St. Raphael of Brooklyn
Born in Beirut, Lebanon, and educated in Damascus Syria, Halki, Turkey, and Kiev, Russia, Raphael Hawaweeny found himself virtually exiled in Kazan, Russia, making himself of use on the faculty of the Anti-Muslim Missionary School, when he was summoned to the New World by the Syrian Orthodox Benevolent Committee in New York City.
Immigrating in 1895 and serving under the aegis of the Russian Orthodox Mission -- then the only established Orthodox hierarchy -- he was technically pastor of St. Nicholas Church (later Cathedral) in Brooklyn, NY, but was, in fact, the roving pastor of several dozen tiny, isolated communities spread thinly across the continent. As a priest he crossed the continent repeatedly in the course of nine years, and did so several more after being consecrated Bishop of Brooklyn -- the first such Orthodox consecration in North America -- in 1905.

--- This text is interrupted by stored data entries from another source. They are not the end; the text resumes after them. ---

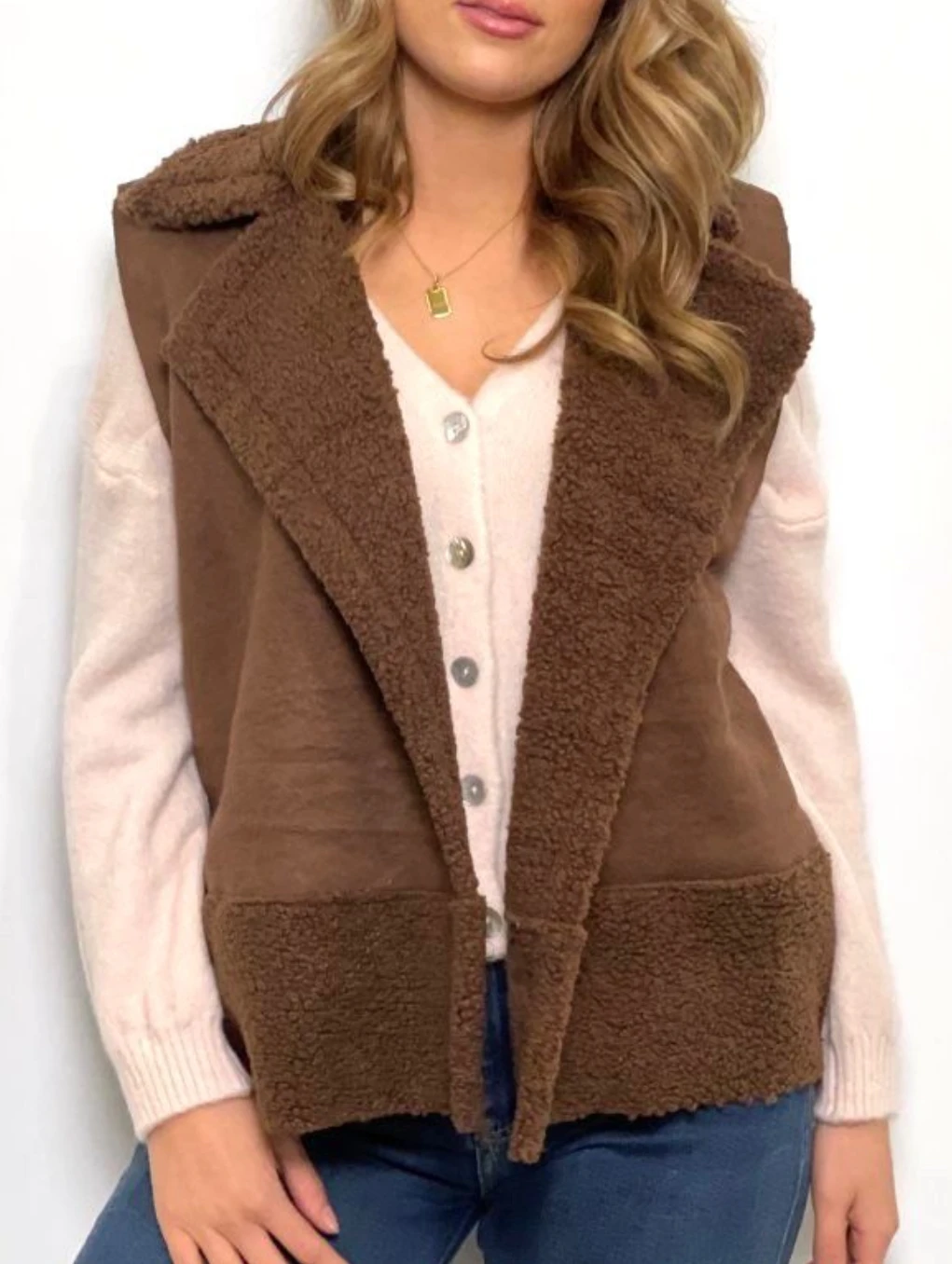 • Locker geschnittene Teddy-Weste • Kragen, offene Form • Größe: One size (Gr. 34-42) • Qualität: 100% Polyester • Pflegehinweis: 30 Grad Schonwaschgang, kein Weichspüler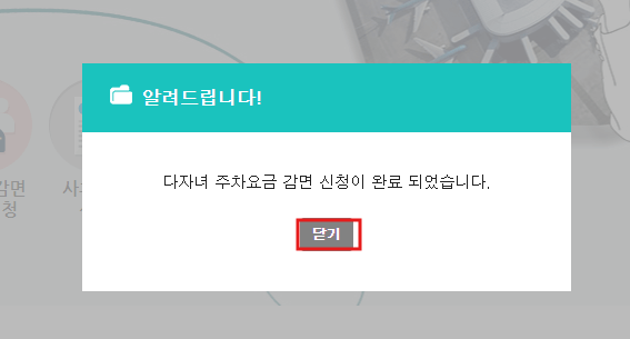 위의 해당 페이지로 접속하면 왼쪽과 같은 메인화면에서 중간에 있는 [다자녀감면 사전신청] 버튼을 누릅니다. 그럼 오른쪽과 같은 팝업이 표시되는데 여기서 아래 체크박스에 체크 후, [감면신청]을 선택합니다.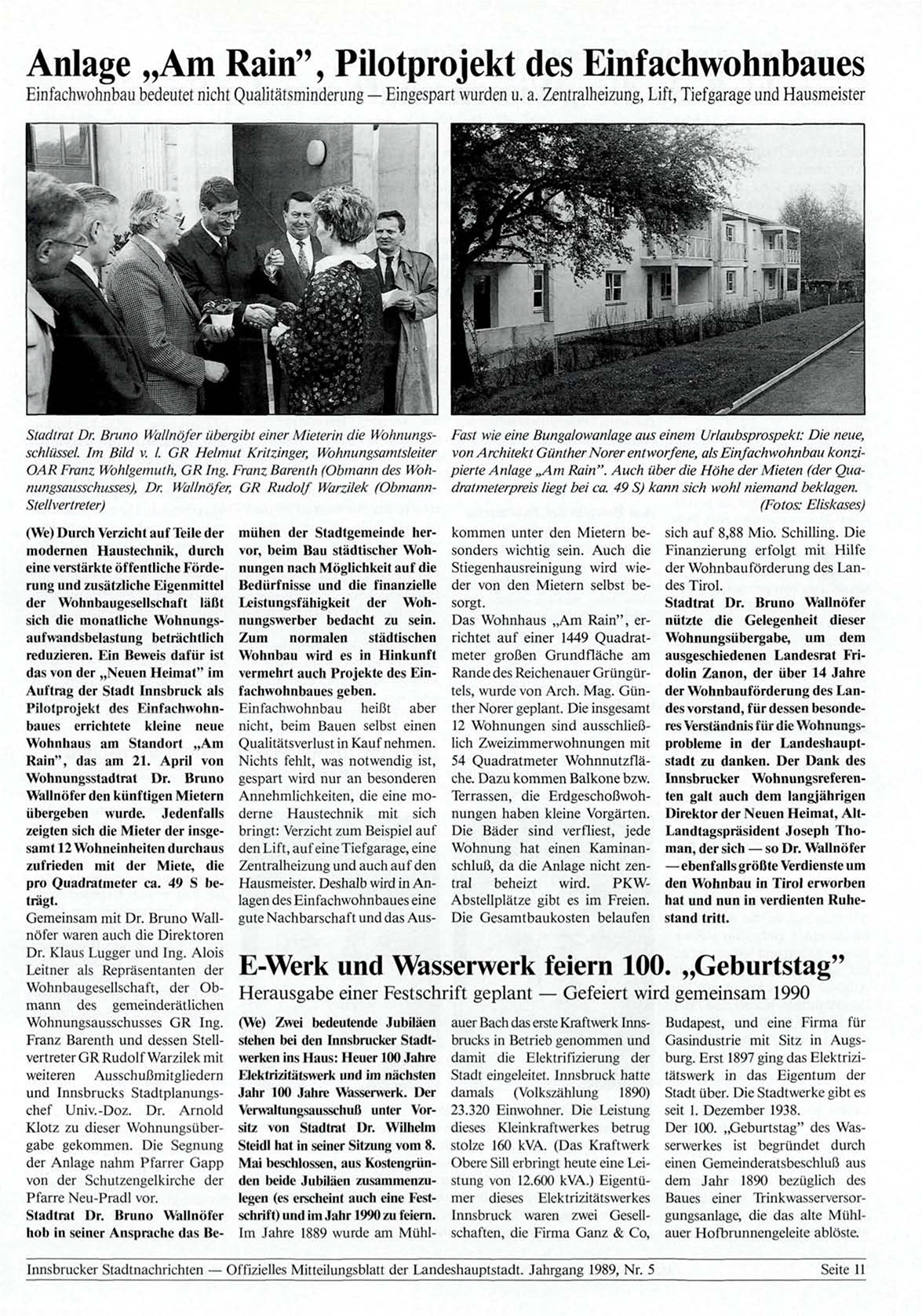 Innsbrucker Stadtnachrichten — Offizielles Mitteilungsblatt der Landeshauptstadt. Jahrgang 1989, Nr. 5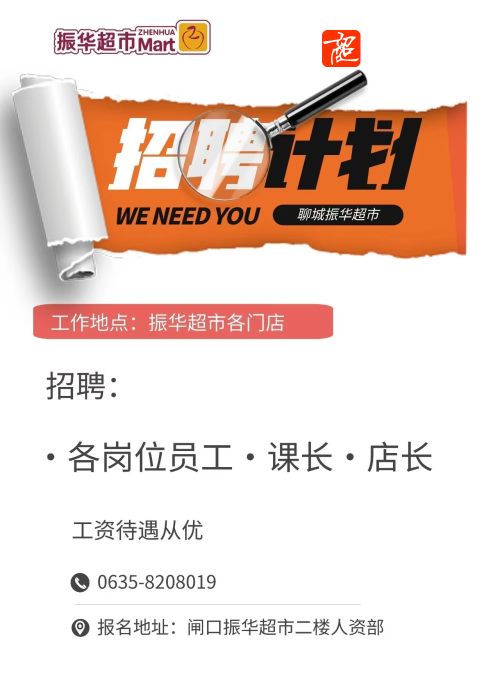 山东聊城市振华超市招聘店长!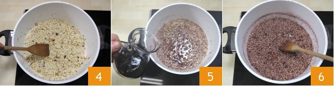 Den Reis hinzufügen und gut rösten 4, dann den Amarone nach und nach in zwei-drei Schritten einfließen lassen, wobei darauf gewartet wird, dass der bereits hinzugefügte Wein gut absorbiert ist 5. Dies dauert mindestens 5 Minuten, währenddessen Sie mit einem Holzlöffel umrühren 6.

He established a journal, al-Kalimat, to spread "the Word" to places he could not himself be, and worked diligently at translating Greek liturgical books into Arabic. These he distributed at his own expense to communities throughout the Middle East and to émigrés in the Americas, Africa, and Australasia, greatly helped preserve Orthodox Christianity in those regions.